*What this task involves*. Look below for the line containing "assa 日傘 メンズ"; from there, print each line exactly up to and including the line containing "当前位置: 91家纺网 >", and stop.

*Provided records*.
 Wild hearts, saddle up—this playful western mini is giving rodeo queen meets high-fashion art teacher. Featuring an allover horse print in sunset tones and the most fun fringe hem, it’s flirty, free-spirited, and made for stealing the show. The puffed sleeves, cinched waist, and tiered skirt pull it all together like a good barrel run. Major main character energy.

* * *

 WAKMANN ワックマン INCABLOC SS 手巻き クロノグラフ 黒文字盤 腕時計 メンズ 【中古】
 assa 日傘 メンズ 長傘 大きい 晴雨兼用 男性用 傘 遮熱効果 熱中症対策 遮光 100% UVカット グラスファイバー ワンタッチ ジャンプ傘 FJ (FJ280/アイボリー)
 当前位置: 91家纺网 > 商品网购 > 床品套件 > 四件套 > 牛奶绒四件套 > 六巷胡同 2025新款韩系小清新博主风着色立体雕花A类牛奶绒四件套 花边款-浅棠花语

---

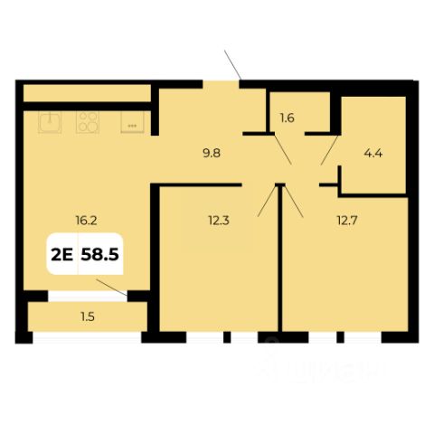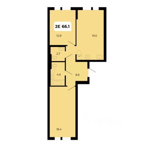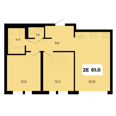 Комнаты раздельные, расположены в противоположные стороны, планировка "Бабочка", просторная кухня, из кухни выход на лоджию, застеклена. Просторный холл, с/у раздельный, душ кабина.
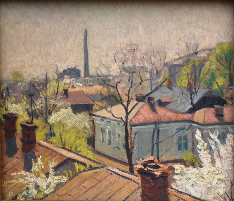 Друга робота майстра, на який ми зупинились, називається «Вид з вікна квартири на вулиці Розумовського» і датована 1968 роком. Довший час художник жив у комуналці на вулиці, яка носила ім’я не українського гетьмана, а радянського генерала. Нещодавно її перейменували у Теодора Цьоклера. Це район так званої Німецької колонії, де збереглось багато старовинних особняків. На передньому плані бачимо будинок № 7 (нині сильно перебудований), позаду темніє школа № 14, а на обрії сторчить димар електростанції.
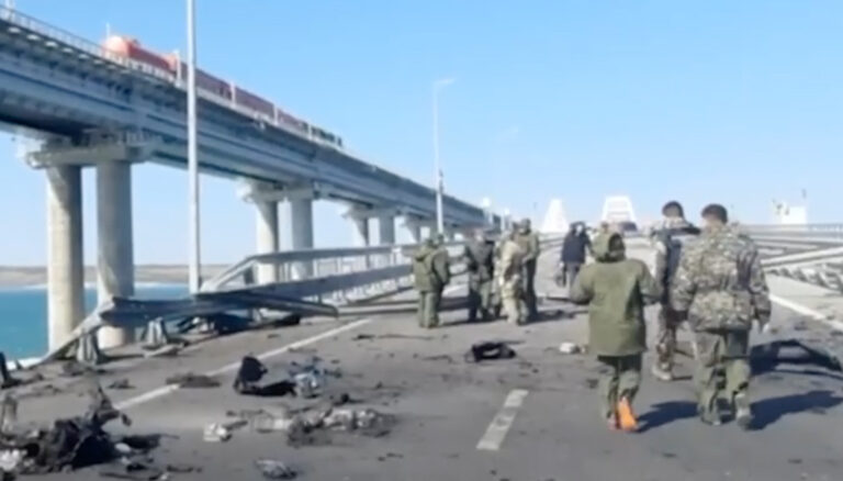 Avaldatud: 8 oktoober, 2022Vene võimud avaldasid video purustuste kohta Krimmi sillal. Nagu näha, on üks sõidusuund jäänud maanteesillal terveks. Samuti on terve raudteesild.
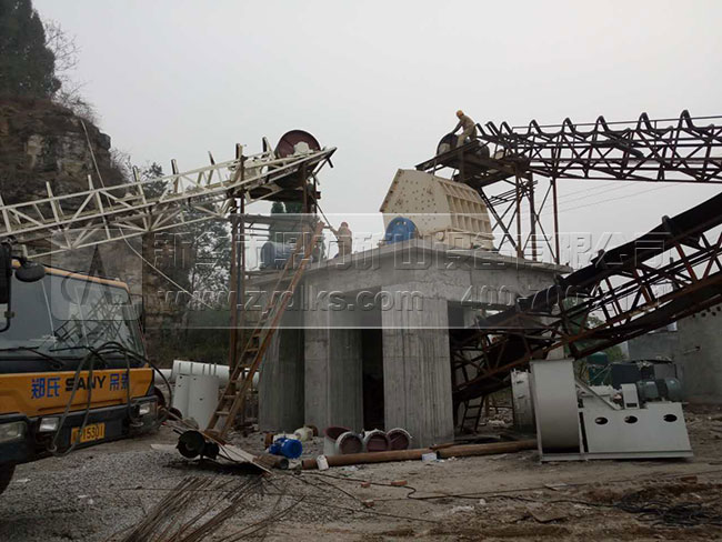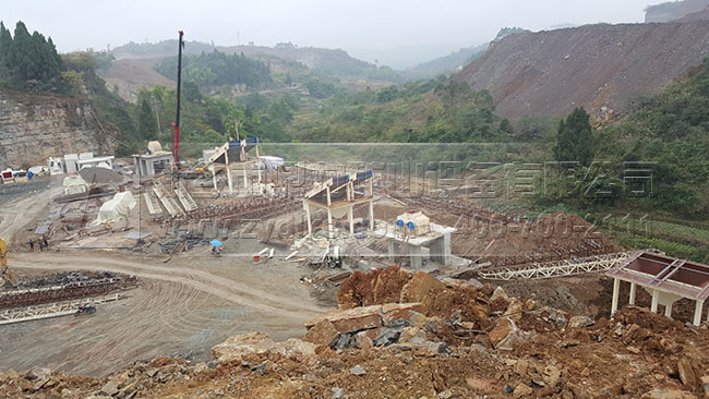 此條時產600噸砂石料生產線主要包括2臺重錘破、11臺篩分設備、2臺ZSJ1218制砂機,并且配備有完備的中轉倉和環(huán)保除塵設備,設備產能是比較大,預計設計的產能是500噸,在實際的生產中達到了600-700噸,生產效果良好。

*The answer*.
 assa 日傘 メンズ 長傘 大きい 晴雨兼用 男性用 傘 遮熱効果 熱中症対策 遮光 100% UVカット グラスファイバー ワンタッチ ジャンプ傘 FJ (FJ280/アイボリー)
 当前位置: 91家纺网 > 商品网购 > 床品套件 > 四件套 > 牛奶绒四件套 > 六巷胡同 2025新款韩系小清新博主风着色立体雕花A类牛奶绒四件套 花边款-浅棠花语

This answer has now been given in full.